The financial maintenance covenants include (a) tangible net worth (as defined in the credit facility) of $1 billion plus 50% of net income (without offset for losses) and 75% of net proceeds of equity offerings since December 31, 2006; (b) a leverage ratio of not more than 3.50 to 1; (c) a fixed charges coverage ratio (FCCR) of not less than 2.50 to 1; and a senior debt (as defined in the credit facility) to consolidated EBITDA ratio of not more than 2.00 to 1. The computation of these ratios is prescribed in Article 7 of the Vishay Intertechnology, Inc. Fourth Amended and Restated Credit Agreement, which has been filed with the SEC as Exhibit 10.1 to our current report on Form 8-K filed June 25, 2008.
The July 31, 2009 amendment to the credit facility, which modified the FCCR covenant to require a minimum FCCR of 1.75 to 1 for the current fiscal quarter and the continuation of the minimum FCCR of 2.50 to 1 for successive fiscal quarters, would have required us to pay additional fees if we were not in compliance with the FCCR covenant.
We were in compliance with all covenants at September 26, 2009. Our tangible net worth, calculated pursuant to the terms of the credit facility, was $1,227 million, which is $160 million more than the minimum required under the related credit facility covenant. Our leverage ratio, fixed charge coverage ratio, and senior debt ratio were 1.69 to 1, 3.38 to 1, and 1.19 to 1, respectively.
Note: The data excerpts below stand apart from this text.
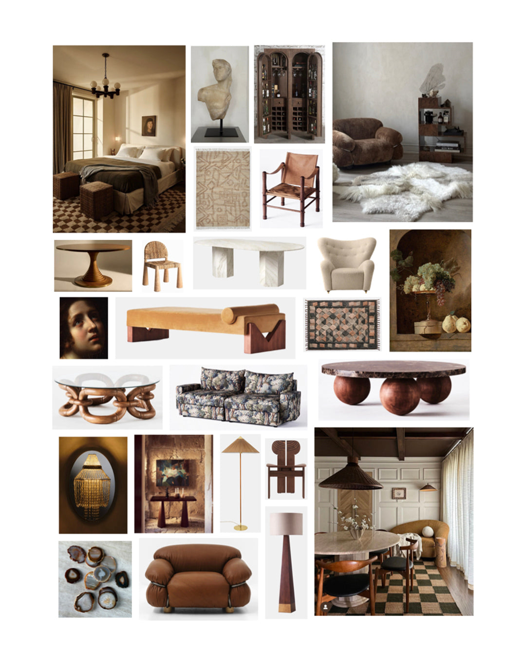 Velg en varm base av jordtoner, beige, brunt, gyllent, rust og krem. Dette gir rommet ro og binder elementene sammen.
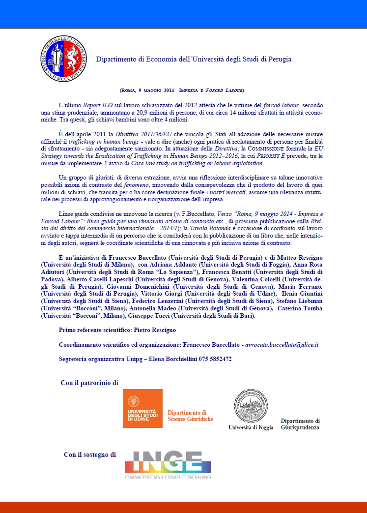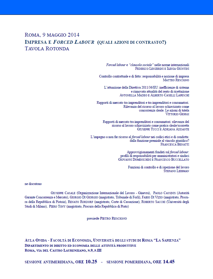 Da Ven, 09/05/2014 a Ven, 09/05/2014 Mode On-site-only 14/11/2022 ROMA - Impresa e forced labour (quali azioni di contrasto?). Tavola rotonda on-site only | via del Castro Laurenziano 9 - 10.25
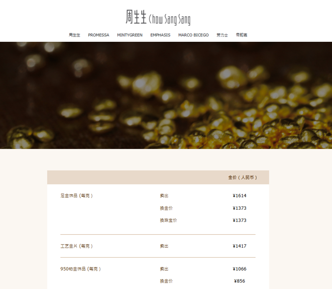周生生足金饰品报1614元/克,较1月27日1577元/克,上涨37元/克 。
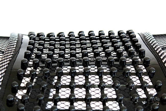 Perna pentru zona lombară din plasă fină. Asigură poziționarea corectă a coloanei vertebrale în timpul șederii prelungite în poziție așezată. Crește semnificativ confortul de a sta la serviciu. Filele de masaj vor face ca conducerea unei mașini sau orele lungi petrecute în fața computerului să fie și mai plăcute.
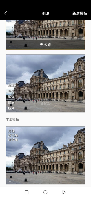 水印模板选择页面:点击右下方水印图标即可跳转至水印模板选择页面。
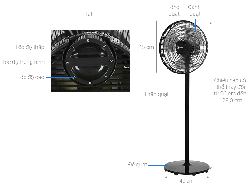 QUẠT ĐỨNG với chân đế cứng cáp, thay đổi chiều cao linh hoạt
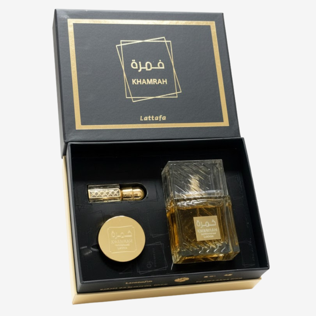 Khamrah Gift Set by Lattafa – Luxury Unisex Perfume & Accessories Set

We expect to continue to be in compliance with these covenants based on current projections. We also have mechanisms, including deferral of capital expenditures and other discretionary spending, to facilitate on-going compliance.
If we are not in compliance with all of the required financial covenants, the credit facility could be terminated by the lenders, and all amounts outstanding pursuant to the credit facility (including the term loan) could become immediately payable. Additionally, our exchangeable unsecured notes due 2102 have cross-default provisions that could accelerate repayment in the event the indebtedness under the credit facility is accelerated.
Borrowings under the credit facility are secured by accounts receivable, inventory, machinery and equipment, and general intangibles (but excluding real estate and bank accounts) of Vishay and subsidiaries located in the United States, accounts receivable of a German subsidiary, certain intercompany loans owed to a significant German subsidiary and pledges of stock in certain significant subsidiaries and certain guarantees by significant subsidiaries. The subsidiaries would be required to perform under the guarantees in the event that Vishay failed to make principal or interest payments under the credit facility. Certain of our subsidiaries are permitted to borrow up to a limit of $125 million under the credit facility. Any borrowings by these subsidiaries under the credit facility are guaranteed by Vishay.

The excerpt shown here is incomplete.